▶ [Input material]

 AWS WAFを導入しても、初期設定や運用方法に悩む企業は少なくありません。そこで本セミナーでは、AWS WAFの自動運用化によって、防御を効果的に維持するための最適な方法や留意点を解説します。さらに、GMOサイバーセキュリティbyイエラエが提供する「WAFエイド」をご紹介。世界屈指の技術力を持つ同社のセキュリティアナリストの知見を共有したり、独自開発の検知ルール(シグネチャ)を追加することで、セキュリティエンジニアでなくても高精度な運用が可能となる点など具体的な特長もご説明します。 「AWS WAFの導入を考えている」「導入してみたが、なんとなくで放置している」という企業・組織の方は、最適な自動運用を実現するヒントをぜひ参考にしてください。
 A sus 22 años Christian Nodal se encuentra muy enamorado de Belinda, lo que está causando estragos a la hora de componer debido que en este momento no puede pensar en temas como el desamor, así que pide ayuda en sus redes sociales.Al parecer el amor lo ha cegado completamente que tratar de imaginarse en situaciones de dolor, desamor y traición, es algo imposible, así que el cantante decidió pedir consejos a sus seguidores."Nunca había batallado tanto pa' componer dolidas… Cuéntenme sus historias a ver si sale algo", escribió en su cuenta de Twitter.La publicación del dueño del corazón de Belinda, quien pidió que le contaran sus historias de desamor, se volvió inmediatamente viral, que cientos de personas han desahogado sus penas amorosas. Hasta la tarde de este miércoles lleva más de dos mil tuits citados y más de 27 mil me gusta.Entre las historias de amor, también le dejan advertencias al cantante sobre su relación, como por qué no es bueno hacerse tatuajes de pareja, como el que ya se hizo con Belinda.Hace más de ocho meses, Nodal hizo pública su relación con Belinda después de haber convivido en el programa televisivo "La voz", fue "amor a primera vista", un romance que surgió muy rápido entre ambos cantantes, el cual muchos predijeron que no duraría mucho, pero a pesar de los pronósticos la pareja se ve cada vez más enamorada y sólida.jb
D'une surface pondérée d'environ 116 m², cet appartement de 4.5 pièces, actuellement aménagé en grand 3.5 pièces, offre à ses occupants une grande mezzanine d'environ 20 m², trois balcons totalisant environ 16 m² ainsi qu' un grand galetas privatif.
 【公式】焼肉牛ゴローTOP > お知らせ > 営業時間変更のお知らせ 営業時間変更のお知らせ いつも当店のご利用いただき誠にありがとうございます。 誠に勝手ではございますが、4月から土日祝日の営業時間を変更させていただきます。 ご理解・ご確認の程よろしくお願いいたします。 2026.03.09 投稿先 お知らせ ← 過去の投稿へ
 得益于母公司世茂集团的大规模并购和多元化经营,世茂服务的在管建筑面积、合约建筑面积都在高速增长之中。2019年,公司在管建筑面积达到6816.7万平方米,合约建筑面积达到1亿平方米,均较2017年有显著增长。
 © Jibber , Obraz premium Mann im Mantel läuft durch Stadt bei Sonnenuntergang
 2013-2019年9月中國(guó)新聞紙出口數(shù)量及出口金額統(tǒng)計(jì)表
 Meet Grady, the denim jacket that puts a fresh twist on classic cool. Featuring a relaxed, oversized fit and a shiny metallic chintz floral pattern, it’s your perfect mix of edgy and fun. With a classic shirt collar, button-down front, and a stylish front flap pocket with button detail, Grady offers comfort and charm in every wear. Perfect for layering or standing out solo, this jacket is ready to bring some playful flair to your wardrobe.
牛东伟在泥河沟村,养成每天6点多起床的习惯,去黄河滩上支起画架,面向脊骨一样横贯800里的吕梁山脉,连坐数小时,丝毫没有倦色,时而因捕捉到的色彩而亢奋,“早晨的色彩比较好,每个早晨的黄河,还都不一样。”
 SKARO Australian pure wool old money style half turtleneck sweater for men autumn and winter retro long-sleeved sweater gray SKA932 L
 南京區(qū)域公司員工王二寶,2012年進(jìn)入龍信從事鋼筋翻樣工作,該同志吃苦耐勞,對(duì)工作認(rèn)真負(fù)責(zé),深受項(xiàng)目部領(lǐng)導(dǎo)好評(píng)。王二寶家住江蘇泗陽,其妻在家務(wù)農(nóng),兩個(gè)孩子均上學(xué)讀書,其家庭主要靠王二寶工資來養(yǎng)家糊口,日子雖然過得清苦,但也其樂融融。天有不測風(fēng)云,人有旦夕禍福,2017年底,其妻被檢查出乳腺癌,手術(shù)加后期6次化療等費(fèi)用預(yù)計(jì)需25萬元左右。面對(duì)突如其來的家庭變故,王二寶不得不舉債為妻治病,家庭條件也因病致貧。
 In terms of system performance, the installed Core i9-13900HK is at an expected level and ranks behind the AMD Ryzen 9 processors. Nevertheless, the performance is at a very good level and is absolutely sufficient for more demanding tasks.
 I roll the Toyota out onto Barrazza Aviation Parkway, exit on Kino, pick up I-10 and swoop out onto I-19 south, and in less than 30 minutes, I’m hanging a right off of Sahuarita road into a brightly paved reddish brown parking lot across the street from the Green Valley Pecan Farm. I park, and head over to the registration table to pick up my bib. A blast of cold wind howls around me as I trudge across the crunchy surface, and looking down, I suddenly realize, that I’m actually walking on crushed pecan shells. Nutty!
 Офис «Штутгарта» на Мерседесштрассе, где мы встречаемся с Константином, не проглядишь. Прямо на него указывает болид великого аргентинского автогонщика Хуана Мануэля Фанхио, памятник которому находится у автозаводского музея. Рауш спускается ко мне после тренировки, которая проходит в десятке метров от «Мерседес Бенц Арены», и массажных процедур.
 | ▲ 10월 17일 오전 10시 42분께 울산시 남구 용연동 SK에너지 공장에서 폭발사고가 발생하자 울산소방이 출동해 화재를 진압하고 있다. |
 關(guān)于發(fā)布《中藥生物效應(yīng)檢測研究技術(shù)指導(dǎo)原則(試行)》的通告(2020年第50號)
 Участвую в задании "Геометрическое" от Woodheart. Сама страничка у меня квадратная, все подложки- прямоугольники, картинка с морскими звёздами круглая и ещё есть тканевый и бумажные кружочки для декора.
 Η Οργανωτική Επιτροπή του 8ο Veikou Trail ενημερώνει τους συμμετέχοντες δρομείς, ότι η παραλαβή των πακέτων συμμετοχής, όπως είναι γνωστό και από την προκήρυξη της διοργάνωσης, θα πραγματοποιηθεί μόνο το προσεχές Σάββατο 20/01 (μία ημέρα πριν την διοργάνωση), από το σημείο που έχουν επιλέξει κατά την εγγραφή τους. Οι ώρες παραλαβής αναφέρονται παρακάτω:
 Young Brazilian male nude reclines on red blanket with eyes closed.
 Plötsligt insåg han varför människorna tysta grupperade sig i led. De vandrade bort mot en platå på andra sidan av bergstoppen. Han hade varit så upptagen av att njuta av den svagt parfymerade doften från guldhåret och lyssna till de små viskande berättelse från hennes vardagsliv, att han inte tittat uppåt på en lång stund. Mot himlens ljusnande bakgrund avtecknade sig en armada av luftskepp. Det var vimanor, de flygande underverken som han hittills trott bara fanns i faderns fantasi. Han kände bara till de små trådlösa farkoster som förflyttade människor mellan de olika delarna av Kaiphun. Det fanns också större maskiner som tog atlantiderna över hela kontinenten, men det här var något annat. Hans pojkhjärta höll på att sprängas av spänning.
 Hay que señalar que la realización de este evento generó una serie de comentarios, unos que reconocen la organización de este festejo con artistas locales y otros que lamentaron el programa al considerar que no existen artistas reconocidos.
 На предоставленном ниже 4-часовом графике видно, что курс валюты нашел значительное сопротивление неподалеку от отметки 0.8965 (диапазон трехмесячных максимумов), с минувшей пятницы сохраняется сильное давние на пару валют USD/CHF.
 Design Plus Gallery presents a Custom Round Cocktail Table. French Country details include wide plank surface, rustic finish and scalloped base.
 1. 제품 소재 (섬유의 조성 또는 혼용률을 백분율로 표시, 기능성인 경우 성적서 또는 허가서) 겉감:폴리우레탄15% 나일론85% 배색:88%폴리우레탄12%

▶ [Task goal] Answer with a single number: how many lines in the data above have the string "that" in them?

▶ [Result for this exercise] 2